> _What to do_: From the line containing "Vĩnh Tuy. |" down to the final line of the entries below, return each line exactly and drop the pictures.

> _Record extracts_:
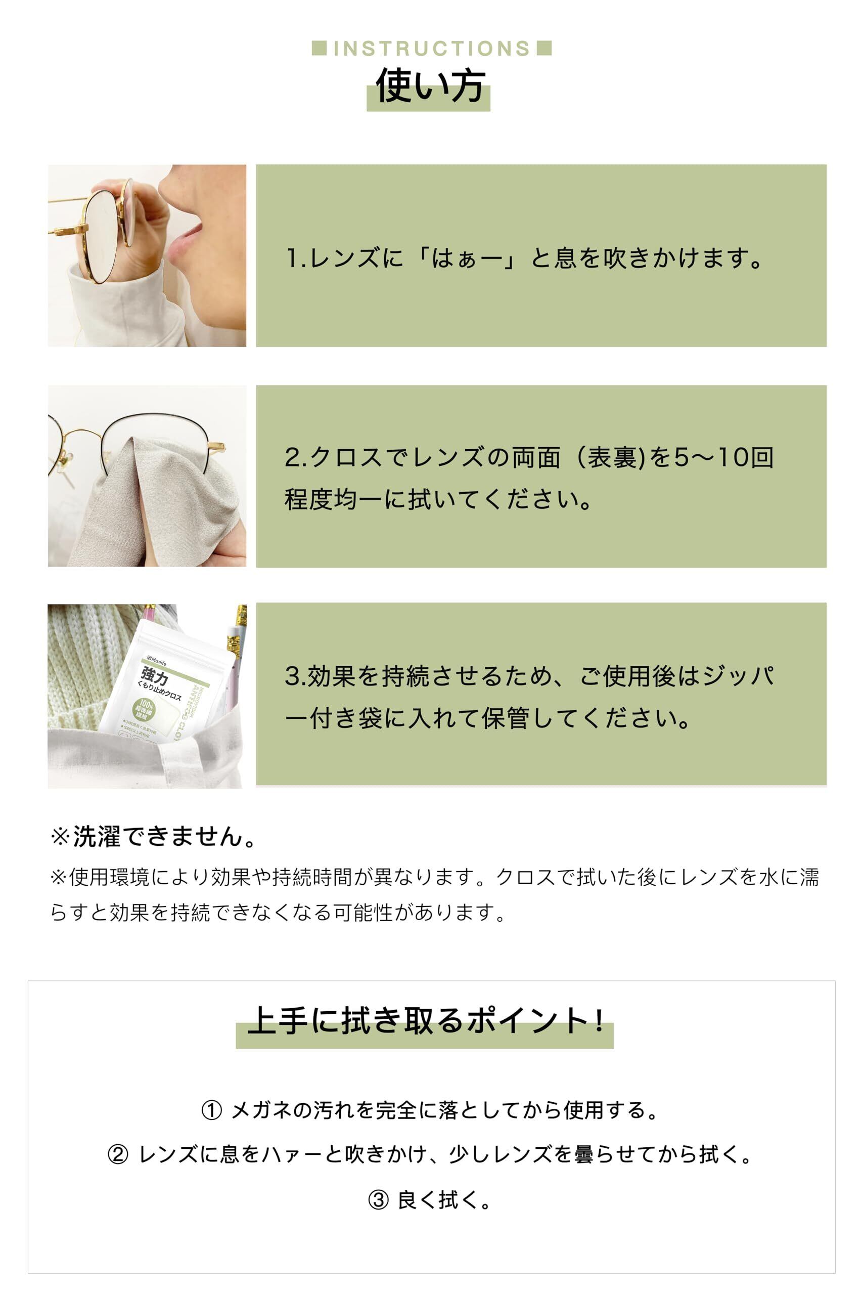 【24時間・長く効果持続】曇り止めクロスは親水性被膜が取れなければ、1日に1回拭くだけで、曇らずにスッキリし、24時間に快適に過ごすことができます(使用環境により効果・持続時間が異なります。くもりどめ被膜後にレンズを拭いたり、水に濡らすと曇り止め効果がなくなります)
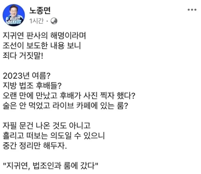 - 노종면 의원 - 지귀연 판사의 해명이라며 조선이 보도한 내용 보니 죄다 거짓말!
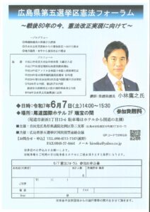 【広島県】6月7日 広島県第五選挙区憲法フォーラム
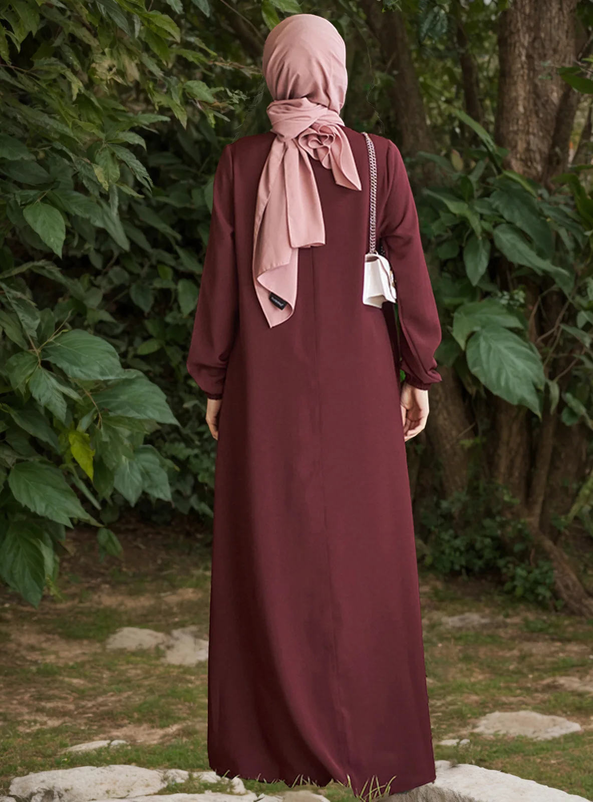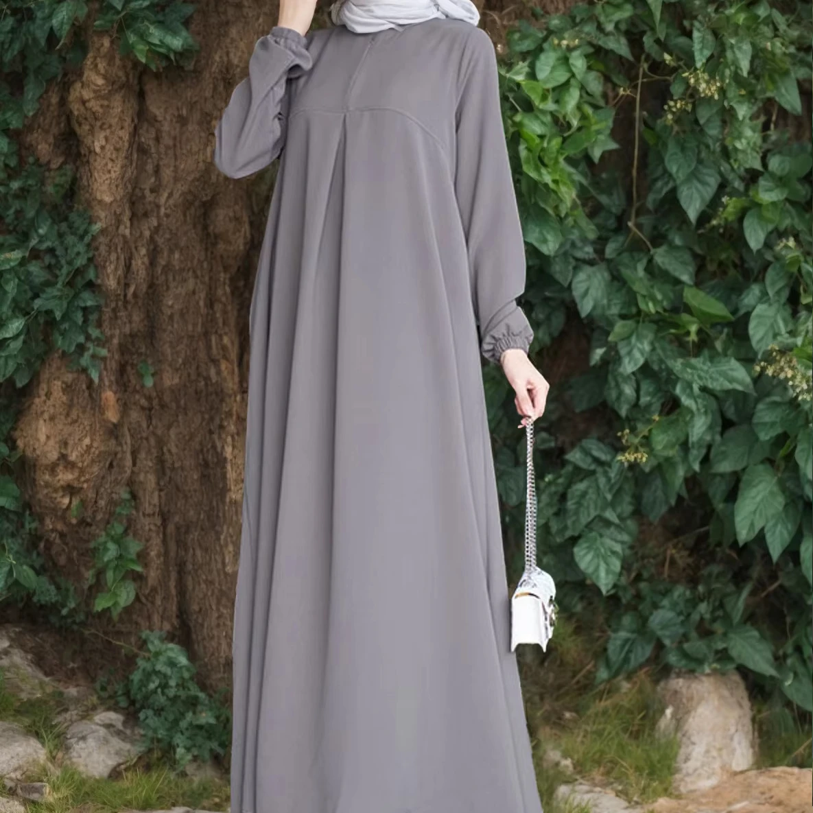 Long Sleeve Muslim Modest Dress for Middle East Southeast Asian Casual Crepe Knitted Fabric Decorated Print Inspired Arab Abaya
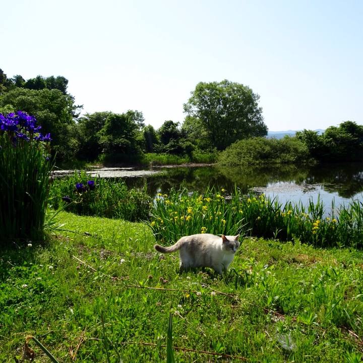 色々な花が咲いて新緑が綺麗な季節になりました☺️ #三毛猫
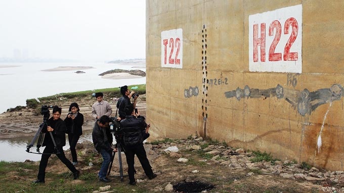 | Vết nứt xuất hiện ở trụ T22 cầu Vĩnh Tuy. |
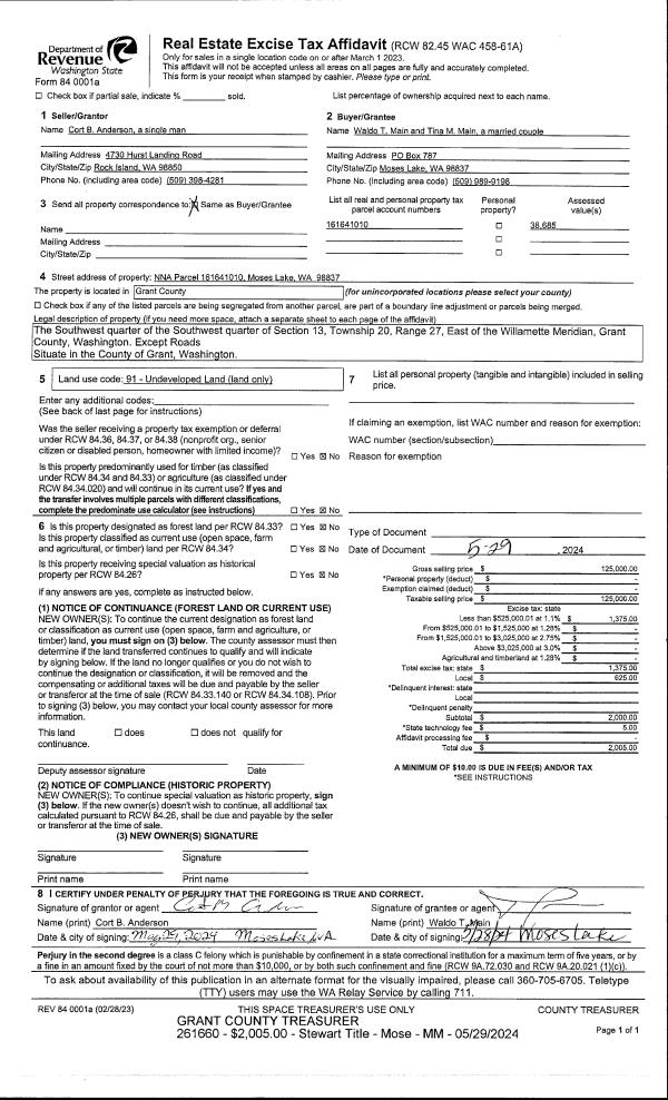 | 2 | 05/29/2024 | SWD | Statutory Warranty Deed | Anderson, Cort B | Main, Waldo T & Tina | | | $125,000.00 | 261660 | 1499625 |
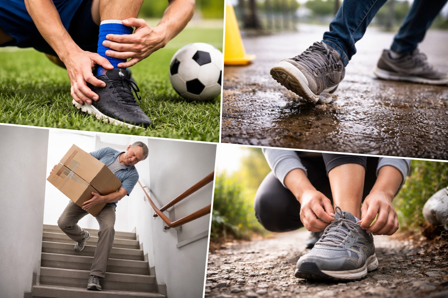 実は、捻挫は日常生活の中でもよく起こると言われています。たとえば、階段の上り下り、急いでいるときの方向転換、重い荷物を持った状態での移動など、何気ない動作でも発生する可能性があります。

> _Output of the exercise_:
 | Vết nứt xuất hiện ở trụ T22 cầu Vĩnh Tuy. |
 | 2 | 05/29/2024 | SWD | Statutory Warranty Deed | Anderson, Cort B | Main, Waldo T & Tina | | | $125,000.00 | 261660 | 1499625 |
 実は、捻挫は日常生活の中でもよく起こると言われています。たとえば、階段の上り下り、急いでいるときの方向転換、重い荷物を持った状態での移動など、何気ない動作でも発生する可能性があります。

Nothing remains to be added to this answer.